Most of that extra cost comes from the legal fees around buying the land and getting permits to dig under it. A better tunnel borer doesn't address any of that.
You could maybe save on OSHA concerns if you can somehow slash the number of people employed, but you'd need to get rid of a LOT of people before you see enough gains from that to make this a game changer.
Elon's whole deal around transit is utterly uninformed about anything urban planning.
Except it does seem to have addressed that. Even the dumb test tunnel seems to have been completed for far less than it should've taken, given the constraints you mentioned.

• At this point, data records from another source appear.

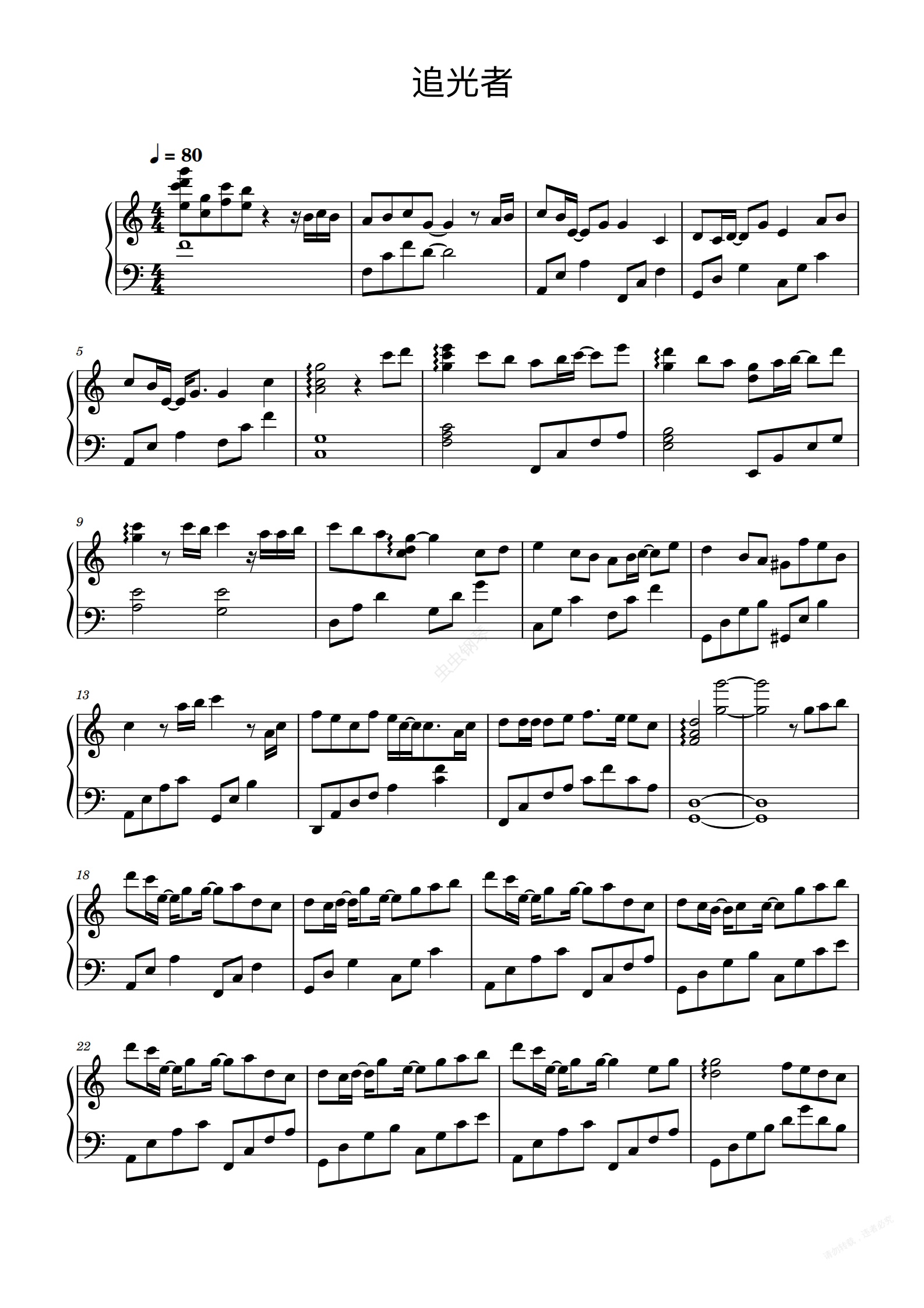 钢琴谱:追光者 初学者简易C大调 即兴伴奏编配版
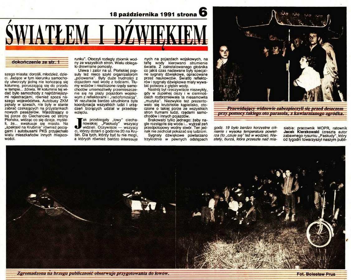 Kulminacją tego lata była zorganizowana 30 września 1991 roku przez "Tygodnik" akcja poszukiwawcza. Nad zalewem zebrało się kilka tysięcy osób – mieszkańców, turystów i reporterów. W akcji uczestniczyły wojsko, straż pożarna i WOPR. Wodę oświetlały reflektory, w gotowości czekali płetwonurkowie i weterynarz. Naukowcy – paleontolog Andrzej Domaradzki, oceanograf Krzysztof Marejczak i ichtiolog Piotr Klimański – na bieżąco komentowali wydarzenia. Paskuda się nie pojawiła, ale tej nocy Ciechanów naprawdę żył jednym tematem.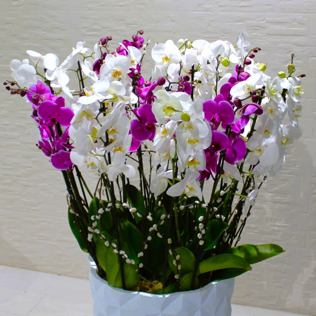 Beautiful white and purple orchids in a white vase.
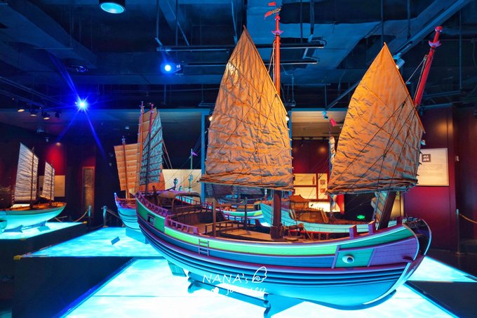 不得不说,足足有四层之高的明代福船,真的是最震撼,坐镇在最中心的场馆位置,这艘一比一还原古代福船的模型,也让大家见证了中国古代海船和历史悠久的航海史!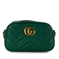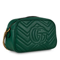 The Gucci Marmont matelassé camera bag is a perfect compact bag. The unique logo plaque has been revived from their archives of the 70’s era for the brand, and the green will add a pop of colour to all your monochrome outfits. The chevron stitching brings the bag back to modern day and adds interest a little bit of interest to the eye. This bag features a chain and leather strap which makes it the perfect sophisticated crossbody for day or night, and gives you hands free access.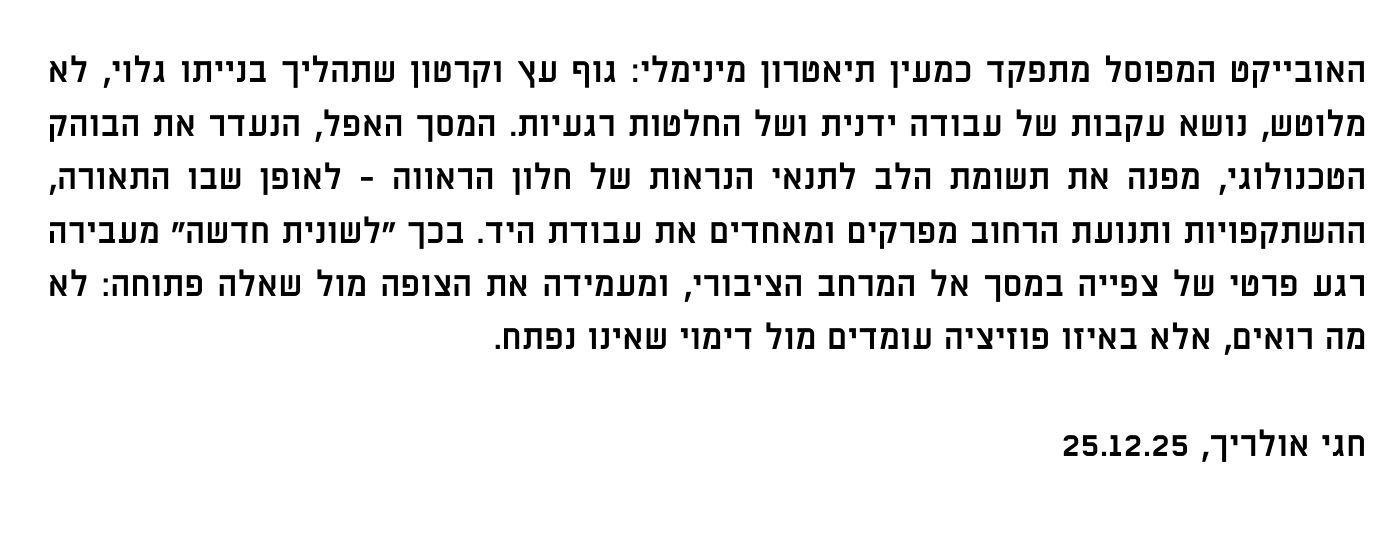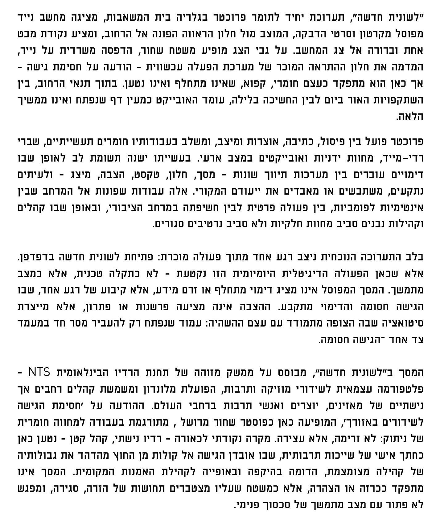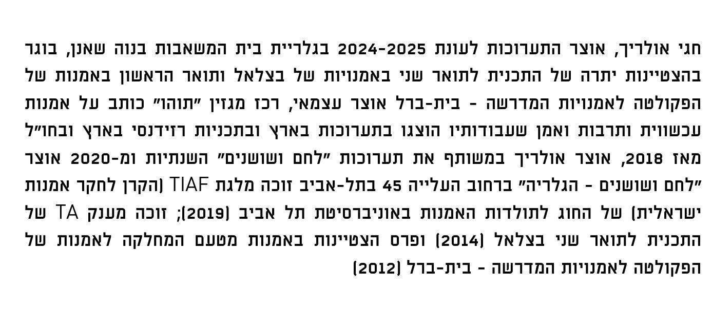 עקבו אחרינו באינסטגרם @the.pump.house.gallery ובעמוד של מרכז קהילתי הגר"א באתר העירוני. נגישות: התערוכה מוצבת בגובה הרחוב. פעילויות המתקיימות במקום נגישות אף הן באותו האופן
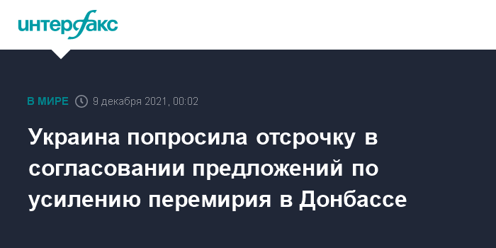 Украина попросила отсрочку в согласовании предложений по усилению перемирия в Донбассе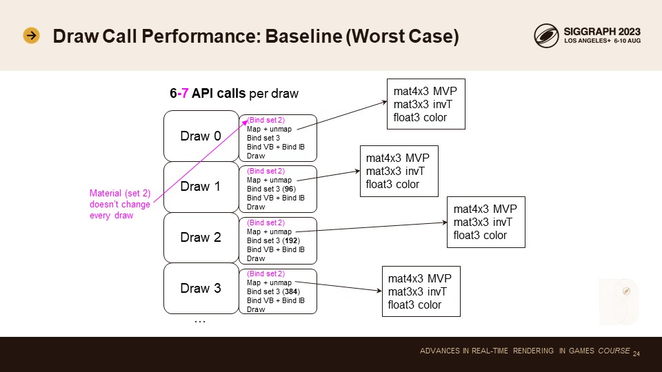 머티리얼 바인딩을 수정하는 것은 일반적이지 않습니다. 이미 로드된 머티리얼의 노멀 맵을 얼마나 자주 교체하나요? 오브젝트를 렌더링하는 데 사용되는 셰이더를 얼마나 자주 변경하나요? 오브젝트를 렌더링하는 데 사용되는 렌더링 상태를 얼마나 자주 변경하나요? 일부 특수 효과를 제외하고는 거의 변경하지 않습니다. 오브젝트 색상과 오브젝트 변형에 애니메이션을 적용하는 것이 더 일반적인 작업입니다. 오브젝트의 작은 하위 집합이 매 프레임마다 애니메이션을 적용합니다. 이런 일이 발생할 때만 비용을 지불하고 싶습니다. 모든 그리기 호출에 대해 비용을 지불하는 것은 아닙니다.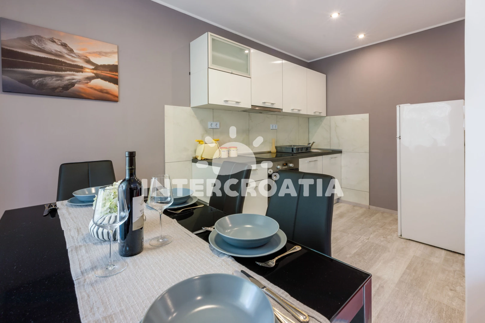 Apartmán se nachází 400 m od moře a pláže. Pláž je oblázková a betonové desky. U objektu je k dispozici společná zahrada s posezením a grilem.
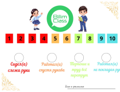 Рефлексия «Bilim Class» Ученики ставят отметку (галочку или кружок) в одном из четырех предложенных вариантов: «Сидел(а), сложа руки» (не участвовал активно, не проявлял инициативу). «Работал(а) спустя рукава» (участвовал, но не в полную силу, выполнял задания небрежно). «Терпение и труд всё перетрут» (старался, работал над ошибками, проявлял усердие). «Работал(а) не покладая рук» (активно участвовал, выполнял все задания, проявил максимум старания). |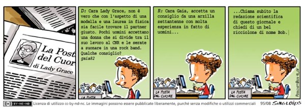 Gaia82: Cara Lady Grace non è vero che con l’aspetto di una modella e una laurea in fisica sia facile trovare il partner giusto. Credimi, pochi uomini accettano una donna che si divide tra il suo lavoro al CNR e le serate a suonare in una rock band. Qualche consiglio? Gaia82 – Bob: Cara Gaia, accetta un consiglio da una arzilla settantenne con molta esperienza in fatto di uomini… – Bob: Chiama subito la redazione scientifica di questo giornale e chiedi di un bel ricciolone di nome Bob.
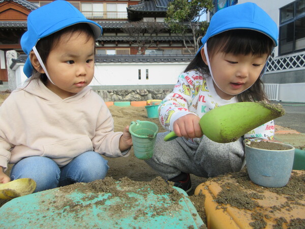 季節もやっと冬らしくなり、園庭の池に張った氷や、冷たい風に、冬を感じている子ども達です。

Experts (including those who have studied foreign mass transit in detail) are at a loss to fully explain why the US's tunneling costs are so out of whack compared to other countries. Sometimes, when expert systems seem to have failed, it's a useful exercise to throw everything out (i.e. be "utterly uninformed") and learn from scratch by trying. They may fail anyway, but it's worth a shot.
Sometimes, the naive intern will find a solution because of their own naïveté. (And even then there are lots of practical things that will need to be relearned, at great pain.)
I'm under the impression that their costs are cheaper right now because public agencies are eager to see a working test case and so exempted them from environmental clearance. I doubt that will still be the case when the scheme changes from "a single tunnel from Musk's home in Bel-Air to his work in Hawthorne" to "hundreds of stacked tunnels traversing the entire city." But I'm open to corrections.
If they can somehow address the insane tunneling infrastructure costs in the US, I don't really care what path they take to get there.